Arnold Palmer truly was The King

Arnold Palmer truly was The King

Published Nov. 15, 2016 1:54 p.m. ET

There have been a handful of transcendent athletes over the past century, men and women who've made their mark in sport, entertainment and/or culture. There were better golfers and more important social figures. But there was never mistaking that there could only be one King and that was Arnold Palmer.

The 87-year-old golfer died Sunday, leaving behind one of the great legacies and personal empires that golf, or sports, has ever seen.

It can be argued that Arnold Palmer changed his sport perhaps more than any athlete has changed theirs. Golf had a deservingly stoic and stuffy reputation that'd been mocked for years until Arnie came along, with his dashing good looks and a power game the sport had never seen. With that distinctive swing, a swashbuckling style and unprecedented desire to hit the cover off every drive he ever stood over, Palmer exuded cool, like Don Draper in spikes. He was the successor to Hogan and the predecessor to Nicklaus, bridging the gap between old and new, even though no one realized the latter at first. When Nicklaus was usurping Palmer atop the game, it was Palmer who still held onto his "Army" of fans, the legion who would follow him around the course, including at the 1960 U.S. Open, when Palmer famously beat them both for perhaps his greatest title. Jack was the outsider - a little chubby and a bit square. He was the guy you wanted to golf like. Palmer was the guy you wanted to be.

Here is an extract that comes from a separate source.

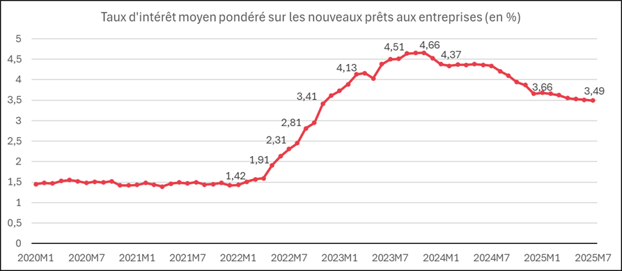 Le taux d'intérêt moyen pondéré sur les nouveaux crédits aux entreprises avait atteint un pic de 4,66% en novembre 2023. En juillet 2025, ce taux d’intérêt moyen était déjà redescendu de plus d’un point de pour cent à 3,49%. Les taux d'intérêt des crédits aux entreprises suivent ainsi la baisse des taux directeurs de la Banque centrale européenne et non la hausse des taux d'intérêt des obligations d'État à long terme.

He won 62 times on Tour, won a U.S. Amateur title and seven majors. He was a Ryder Cup hero, winning 22 matches in his career, the most among Americans. The 2016 edition starts in five days, making the timing of Palmer's passing all the more touching.

ADVERTISEMENT

One doesn't just become a king because he's great at one thing. Palmer was great at a lot of things, most notably in becoming the first modern-day pitchman (with help from agent Mark McCormack) and setting the standard for post-athletic success.

In 2014, when he was 85 years old and hadn't been competitive in 40 years, he made $40 million, according to Forbes. (Only Michael Jordan made more.) Palmer pitched for countless companies during his career and well after. He had a lucrative golf course design firm (the courses were exactly as you'd expect - tough and penalizing but rewarding players for successful risk-taking), a successful international store with hundreds of locations and licensed his name for his famous iced tea and lemonade concoction to AriZona Beverages, bringing in eight figures annually from the deal. He had his pilot's license (which enabled him to fly himself to tournaments) and has a dorm named for him at his alma mater, Wake Forest, as well as a statue that sits outside the golf complex where college stars such as U.S. Open champion Webb Simpson play on the Arnold Palmer Scholarship. His philanthropy will be his greatest legacy, with his Arnold Palmer Medical Center Foundation supporting a children's hospital, a hospital for women and babies that sees 15,000 newborns leave through its doors every year and countless charities.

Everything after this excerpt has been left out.